In 1879, Dr. McCauley began an association between Dickinson College and the Carlisle Indian School that continued almost forty years. The Indian School was less than two miles from the campus of Dickinson College in Carlisle, Pennsylvania. The long association began upon the opening of the Indian School at Carlisle Barracks when Dr. McCauley led the first worship service. It was Mrs. Pratt, wife of Superintendent Captain Richard Henry Pratt, who had initiated the contact between the Indian School and Dickinson. Upon Pratt's absence one Sunday, Mrs. Pratt wrote to President McCauley and requested his aid as a minister which he graciously accepted. The relationship did not stop there, with Captain Pratt noting that "from that time forward Dr. McCauley became an advisor and most valued friend to the school" and "we had the advantage of contacting and contending with our distinguished neighbor, Dickinson College, with its more than a century of success in developing strong and eminent men to fill the highest places in our national life." Thereafter, Dr. McCauley helped Pratt to develop a Board of Trustees and a Board of Visitors composed of different heads of leading national educational institutions and wealthy donors. The Indian school was only partly supported by government funds and was heavily dependent upon private philanthropy. Dickinson College professors served as chaplains and special faculty to the Indian School. Professor Charles Francis Himes, Dr. George Edward Reed, Stephen Baird and Joshua Lippincott fostered the relationship between the institutions through religious services, advisory meetings, lectures and commencement speeches. The presence of Native Americans on campus generated great enthusiasm among Dickinson students, and they volunteered services, observed teaching methods and participated in events. The October 24, 1896 Dickinsonian "On the Campus" section tells of the new volunteer Sunday School teachers from the Dickinson chapter of the YMCA. It further declares that those who work with Indian boys "enjoy a rare privilege." In addition, at the time of annual Indian School commencement, it was traditional for a half day holiday to be given so Dickinson students could attend the "very interesting exercises." Dickinson College also provided Carlisle Indian School students with access to the Dickinson Preparatory School ("Conway Hall") and college level education.

==Later years==
In 1883, Lafayette College in Easton, Pennsylvania, awarded him a Doctor of Laws (LL.D.) In 1888, at the age of 66, McCauley resigned as President of Dickinson College and returned to the pastorate. He later combined his preaching with a professorship of theology and Hebrew at Morgan College, now Morgan State University, in Baltimore, Maryland.

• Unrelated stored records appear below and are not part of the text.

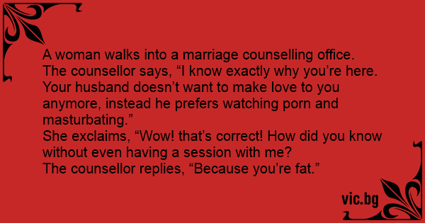 The counsellor says, “I know exactly why you’re here. Your husband doesn’t want to make love to you anymore, instead he prefers watching роrn and маsтurватing.”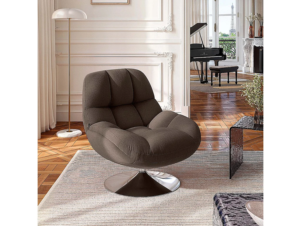 Habitat - Fauteuil pivotant en tissu et métal chromé - Taupe - Mogliano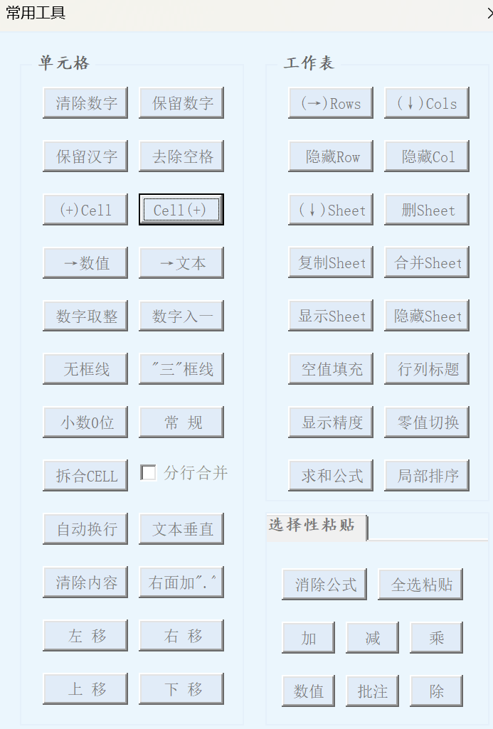 1、常用工具:与单元格区域和工作表行、列相关的一些文本、格式处理功能;

Reverend James Andrew McCauley died on December 12, 1896, in Baltimore, Maryland, at the age of 74.

==McCauley Memorial Room==
On June 6, 1925, the McCauley Memorial Room in Old West at Dickinson College was dedicated in his memory, the gift of one of his students, Lemuel T. Appold, class of 1882. The room was intended to serve the students as a recreation and study room, but also became the site for several decades of meetings of the faculty with the president of the College.